[Dataset content]
*****
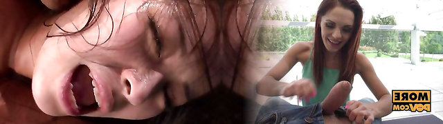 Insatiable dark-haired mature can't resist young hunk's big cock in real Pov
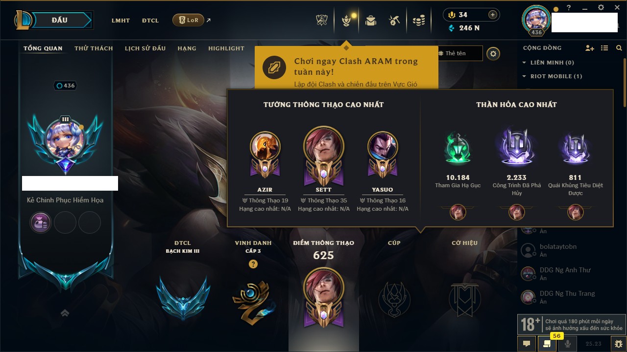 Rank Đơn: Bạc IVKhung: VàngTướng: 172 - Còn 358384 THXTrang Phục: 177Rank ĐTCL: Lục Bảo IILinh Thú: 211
*****
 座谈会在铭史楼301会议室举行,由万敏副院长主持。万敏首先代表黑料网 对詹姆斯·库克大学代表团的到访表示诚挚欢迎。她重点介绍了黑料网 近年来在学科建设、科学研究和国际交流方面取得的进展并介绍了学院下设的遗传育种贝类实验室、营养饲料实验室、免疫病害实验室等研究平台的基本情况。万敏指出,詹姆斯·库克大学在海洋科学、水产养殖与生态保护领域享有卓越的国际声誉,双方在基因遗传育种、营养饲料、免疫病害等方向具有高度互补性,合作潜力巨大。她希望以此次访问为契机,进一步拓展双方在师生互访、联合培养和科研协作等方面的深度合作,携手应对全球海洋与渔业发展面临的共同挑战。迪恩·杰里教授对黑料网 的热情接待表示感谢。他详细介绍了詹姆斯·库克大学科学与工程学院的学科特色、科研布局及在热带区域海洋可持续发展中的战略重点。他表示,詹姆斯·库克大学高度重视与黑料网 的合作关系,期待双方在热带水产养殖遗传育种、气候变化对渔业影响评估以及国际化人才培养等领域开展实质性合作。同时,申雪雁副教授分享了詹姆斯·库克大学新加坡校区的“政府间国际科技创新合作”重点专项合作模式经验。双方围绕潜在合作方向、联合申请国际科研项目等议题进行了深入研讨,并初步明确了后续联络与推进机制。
*****
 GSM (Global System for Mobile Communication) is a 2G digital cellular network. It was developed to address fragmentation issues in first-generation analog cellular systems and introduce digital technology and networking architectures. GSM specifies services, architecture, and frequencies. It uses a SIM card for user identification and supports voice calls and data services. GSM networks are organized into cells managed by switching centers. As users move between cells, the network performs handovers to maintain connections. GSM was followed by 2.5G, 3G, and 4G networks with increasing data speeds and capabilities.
*****
Only one stretch of the data is wanted: write out exactly the lines from the one holding "Insatiable dark-haired mature" through the one holding "Rank Đơn: Bạc", both included, without the pictures.

[Solution]
 Insatiable dark-haired mature can't resist young hunk's big cock in real Pov
 Rank Đơn: Bạc IVKhung: VàngTướng: 172 - Còn 358384 THXTrang Phục: 177Rank ĐTCL: Lục Bảo IILinh Thú: 211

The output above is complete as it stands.